====== Provided information ======

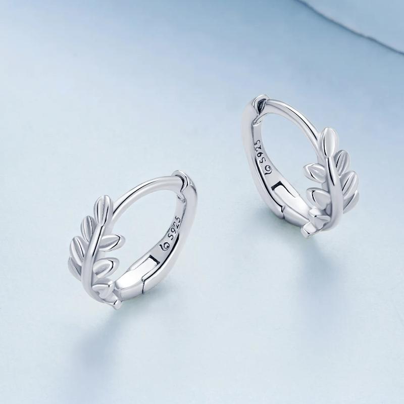 حلق أوراق الشجر فضة عيار 925
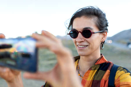 Young hip woman with a backpack exploring and photographing the coast on a beautiful day. Concept of exploration and adventures
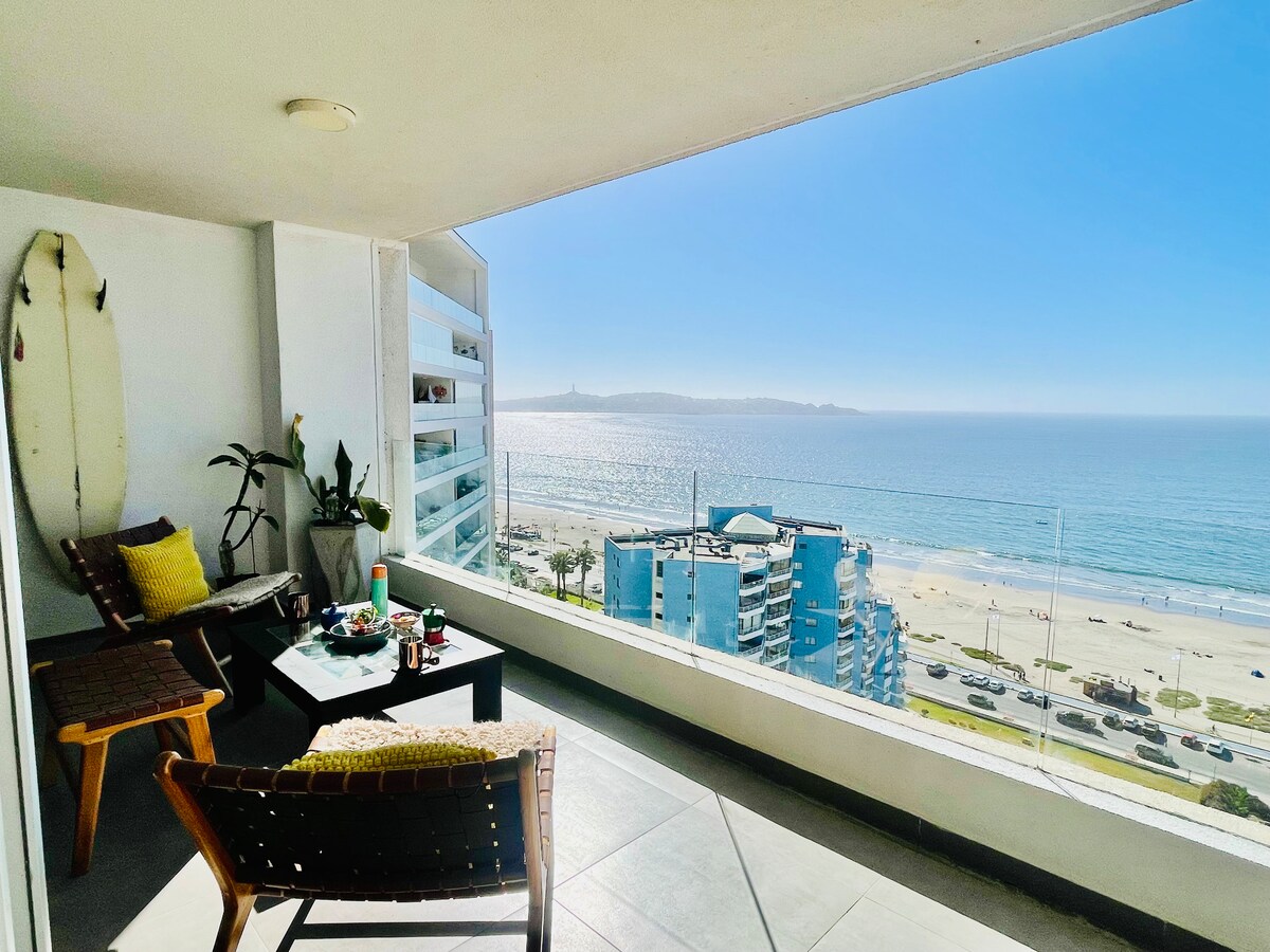 Departamento de lujo en edificio Jardín del Mar. En primera línea, frente al mar, a un costado de Casino Enjoy. Departamento en piso 4, amplia terraza con vista al mar y piscina principal. Completamente equipado. Grandes piscinas al aire libre, piscinas temperadas. Incluye sabanas y toallas. Jacuzzi, Gimnasio, Sauna, Piscina Temperada, llevar gorra de baño. Estacionamiento privado. Incluye SmartTv, Tv Cable (Incluye Futbol Nacional) en Dormitorio Principal y Living e Internet para Teletrabajo.
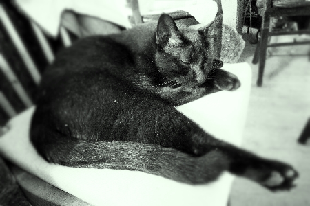 Aber dafür hat sich zu den bereits vorhandenen zwei Katzendamen Minou und Fussel ein pechschwarzer Kater namens Gedeon gesellt. Der stand eines Tages vor der Tür bei meiner Freundin und meinte, er zieht jetzt hier ein. Nach dem medizinischen Check darf er jetzt auf dem Berg wohnen und fühlt sich wirklich wohl. Ein zuckersüßer Kerl.
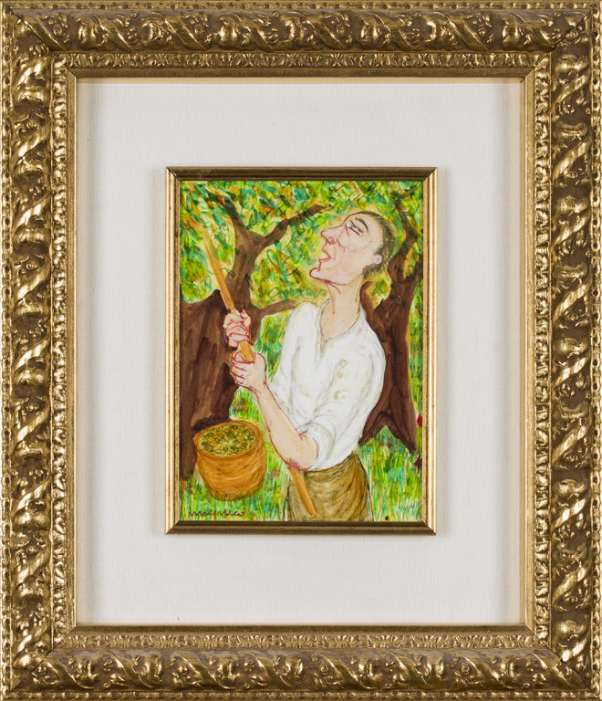 GIUSEPPE MIGNECO (1908-1997)Contadino, 1985Tecnica mista su carta intelatacm...
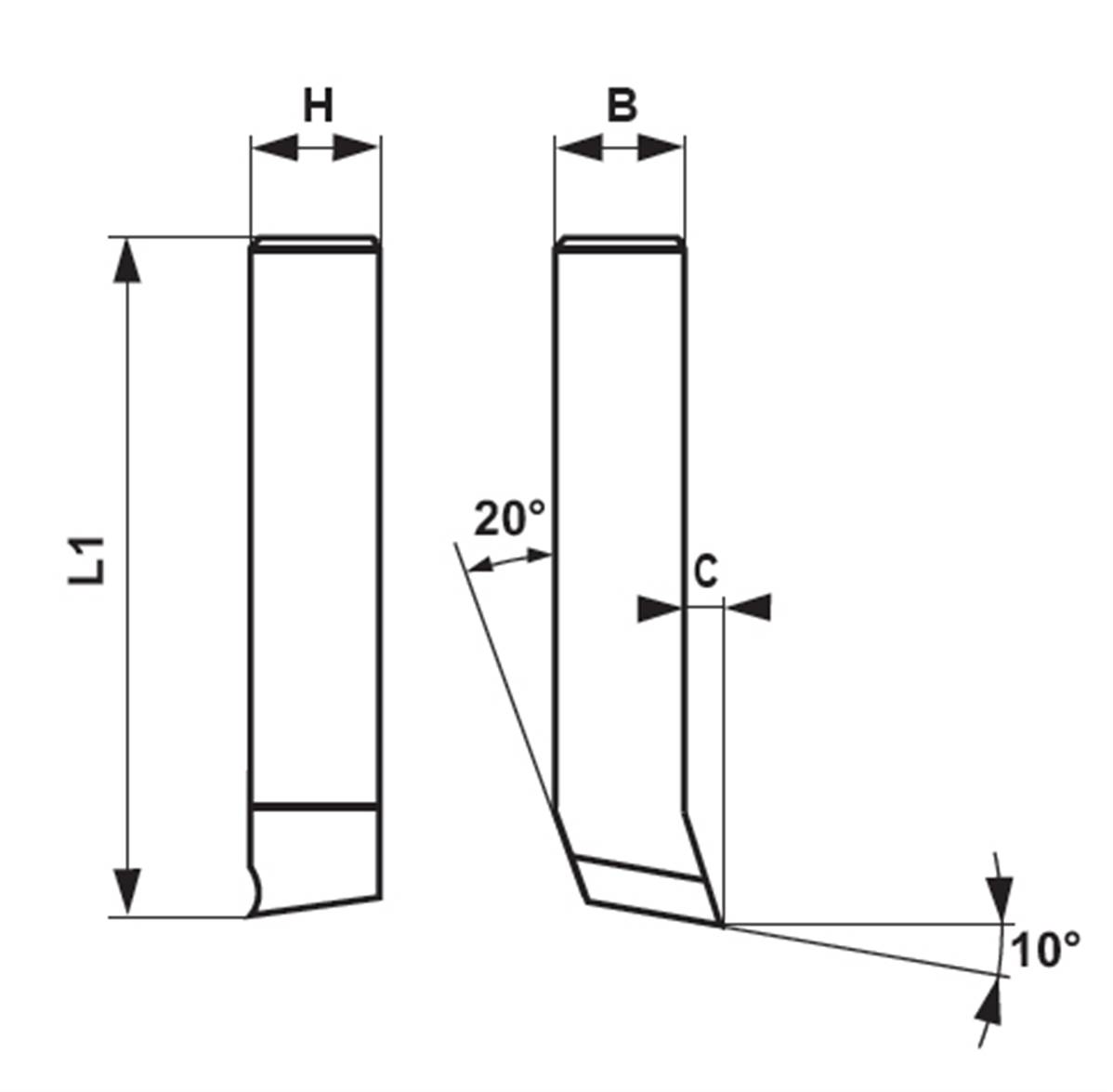 Outils de tour à dresser d’angle à droite ISO 403 - DIN 4958 HSS-Co10% carré de 16 - L1 150 - C 5
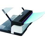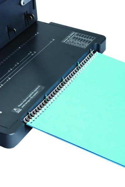 Elegantní kancelářský vázací stroj usnadní výrobu publikací s kovovými hřbety. Je vybavený pákou pro děrování a roztažení kroužku, měřidlem velikosti hřbetu a pěti vyřaditelnými noži. Najednou prosekne až 34 otvorů do maximálního počtu 15 listů. Bez problémů sváže až 120 listů dokumentu.
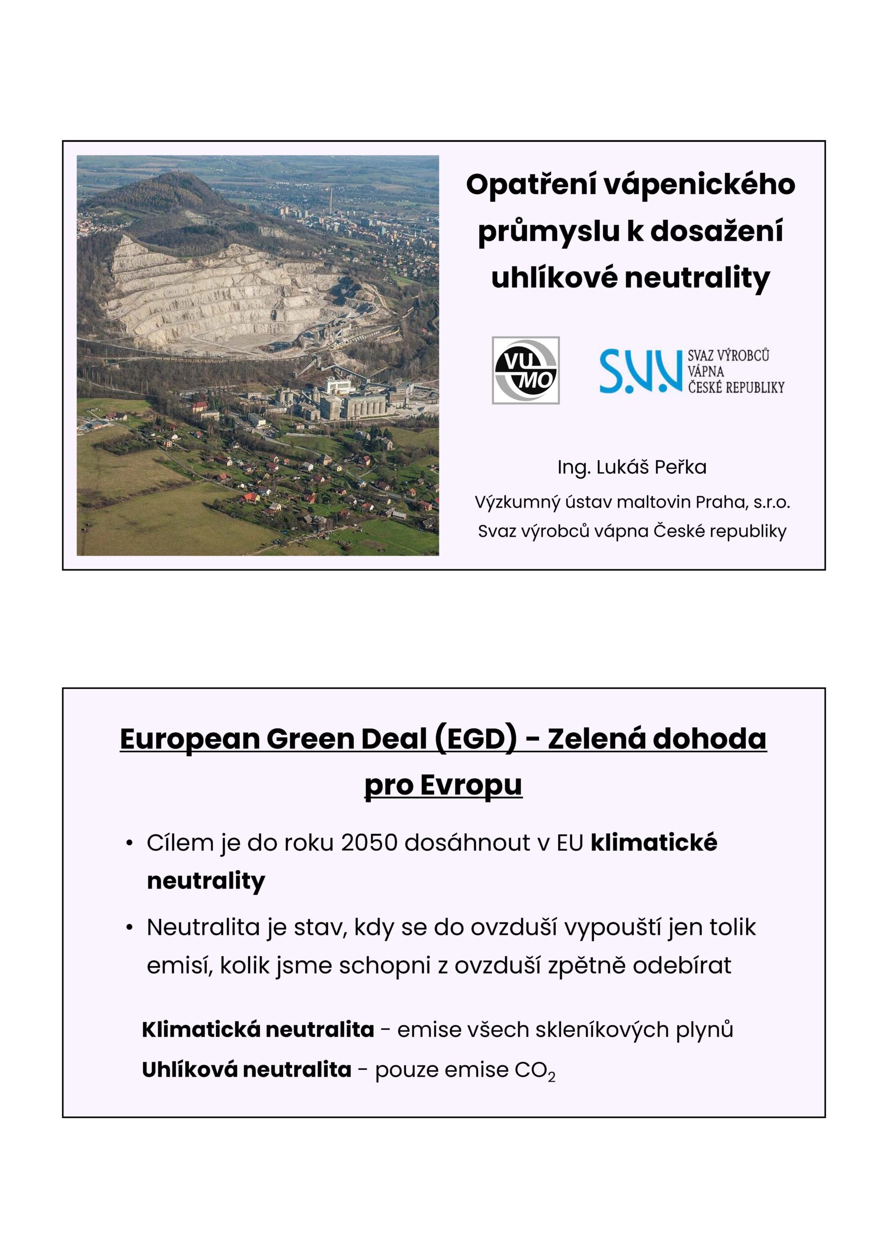 Opatření vápenického průmyslu k dosažení uhlíkové neutrality

======

(Aim of the task)
From the line containing "Elegantní kancelářský vázací" down to the last line of the records above, repeat every line exactly and nothing else, dropping any pictures.

(Expected answer)
 Elegantní kancelářský vázací stroj usnadní výrobu publikací s kovovými hřbety. Je vybavený pákou pro děrování a roztažení kroužku, měřidlem velikosti hřbetu a pěti vyřaditelnými noži. Najednou prosekne až 34 otvorů do maximálního počtu 15 listů. Bez problémů sváže až 120 listů dokumentu.
 Opatření vápenického průmyslu k dosažení uhlíkové neutrality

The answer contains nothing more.